Location
- Wiltshire Lane Eastcote Pinner, Greater London, HA5 2LX England 51°35′41″N 0°24′49″W﻿ / ﻿51.594722°N 0.413611°W

Information
- Type: Academy
- Established: 1977
- Local authority: Hillingdon
- Department for Education URN: 136519 Tables
- Ofsted: Reports
- Chair of Governors: Tanya Huehns
- Head teacher: Robert Jones
- Gender: Mixed
- Age: 11 to 18
- Enrolment: 1677
- Colours: Navy and Gold
- Website: http://www.haydonschool.com

= Haydon School =

Haydon School is a mixed secondary school and sixth form in the Northwood Hills area of the London Borough of Hillingdon, Greater London, for students aged 11 to 18. On 1 April 2011, Haydon School became an Academy.

== History ==
The school was formed in September 1977 from the union of St Nicholas Grammar School and St Mary's Grammar School for Girls.

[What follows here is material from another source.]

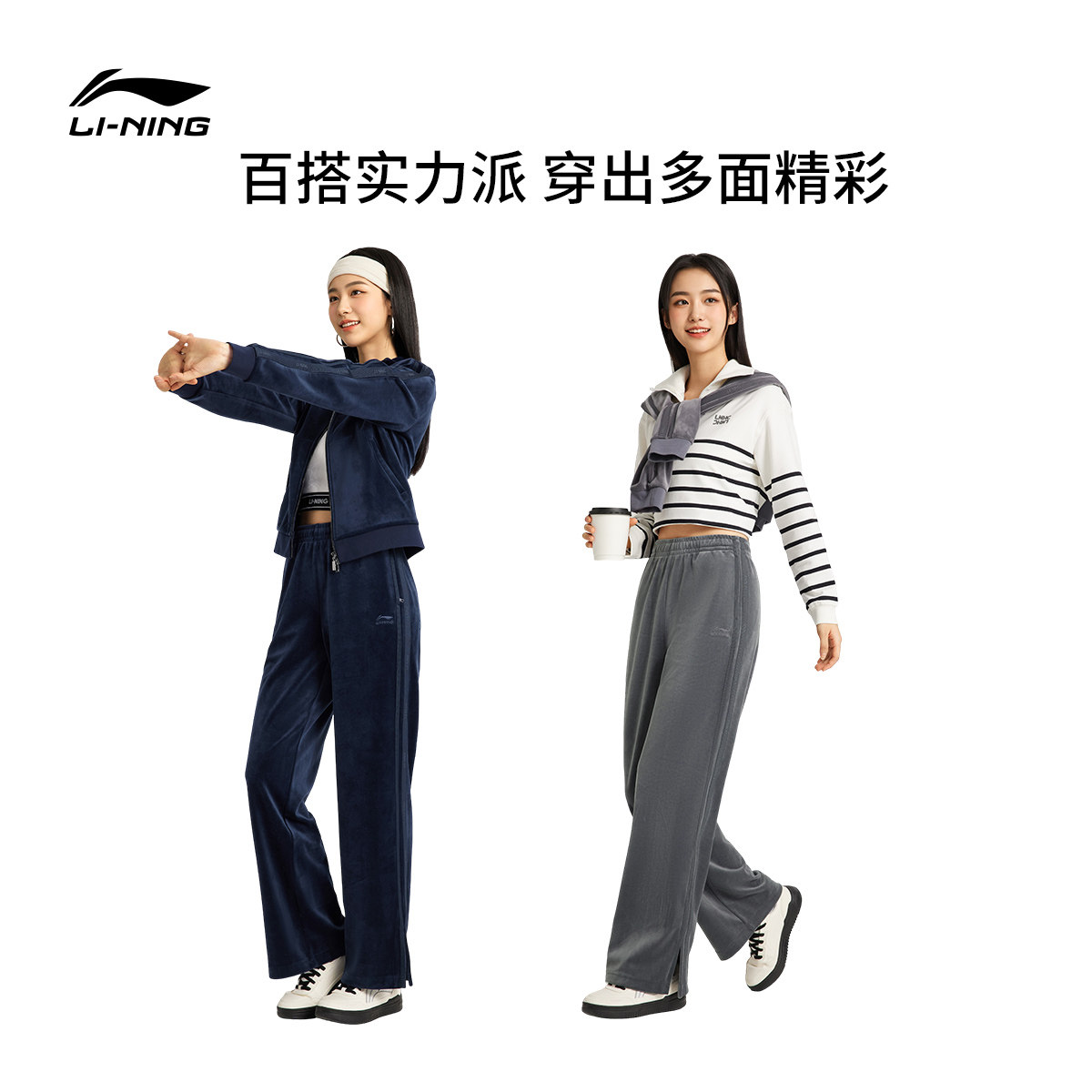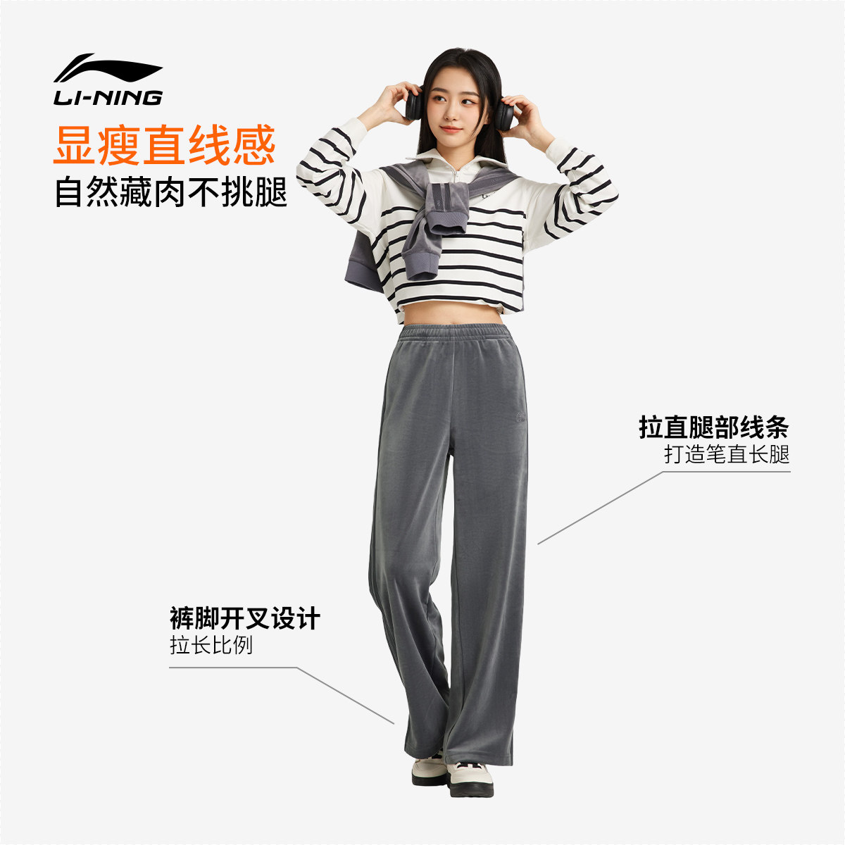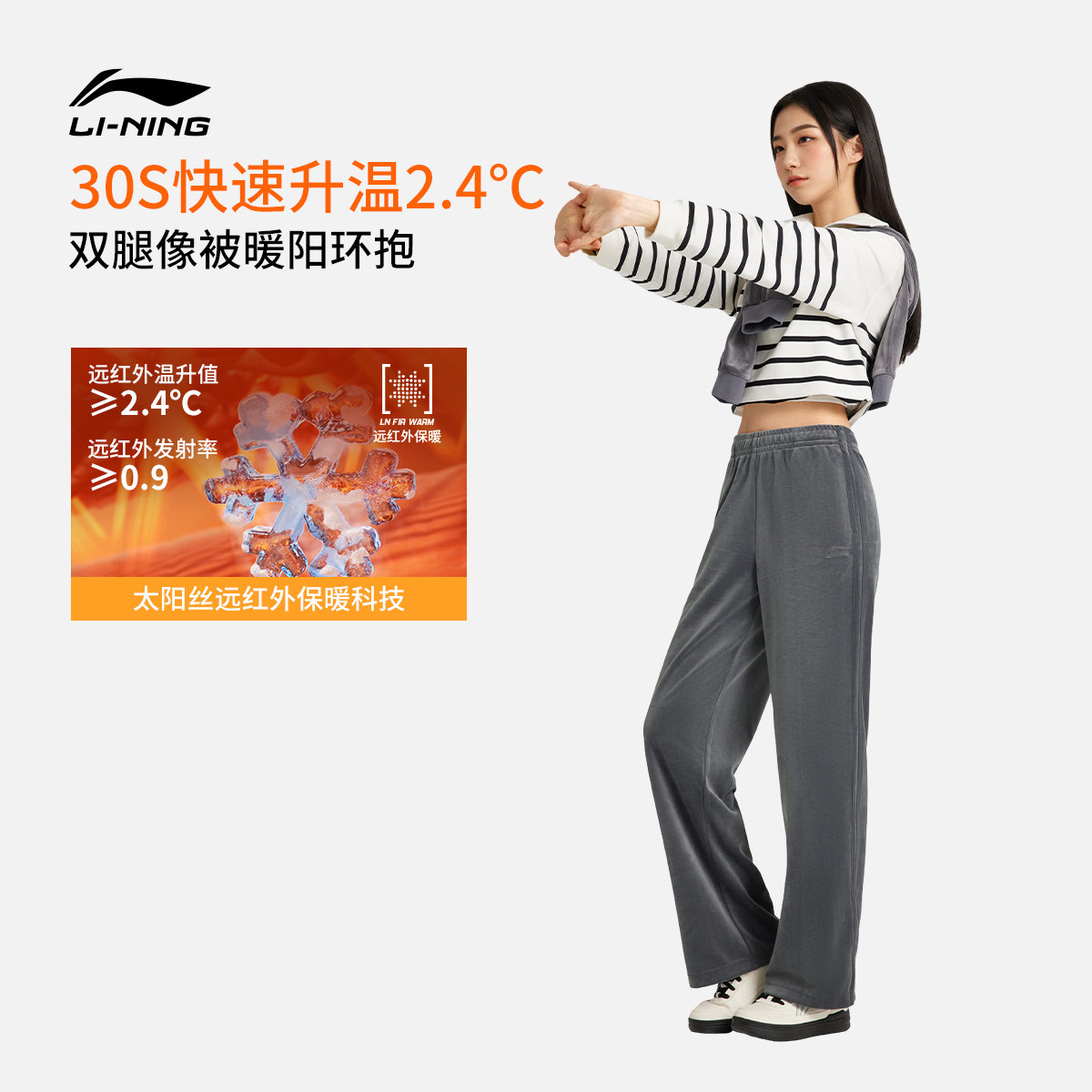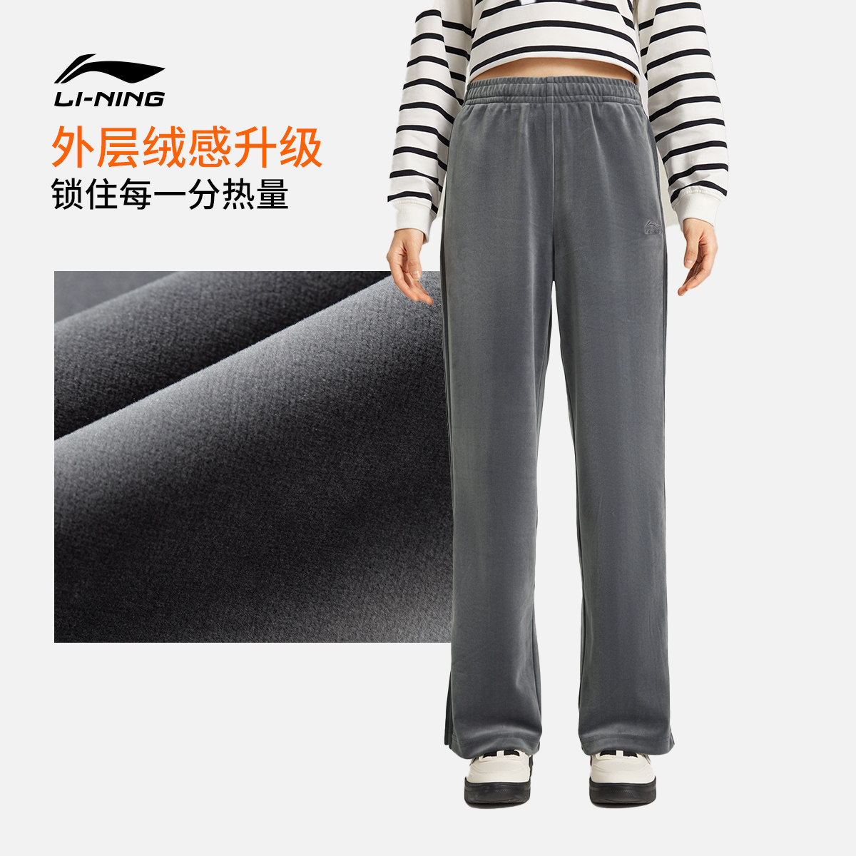 李宁热力裤丨卫裤2025新款裤子直筒宽松冬季休闲裤丝绒运动裤女款

It was named after the local family, as was Haydon Hall. Alice Spencer, Countess of Derby, had the hall built in 1630.

== Languages ==
Haydon was a designated language college teaching students foreign languages.

At GCSE-Level, the school offers Latin and community languages as well as:
Arabic, Bengali, Greek, Gujarati, Hebrew, Hindi, Punjabi, Persian, Polish, Portuguese, Russian, Turkish, Urdu

== The campus ==

===The Dobson Library===
The Dobson Library was opened in 1996 and named after the retiring headteacher - David Dobson.
=== The Peter Woods Building ===
The Peter Woods building was opened on Thursday 9 July 2009 by former headmaster and namesake Peter Woods.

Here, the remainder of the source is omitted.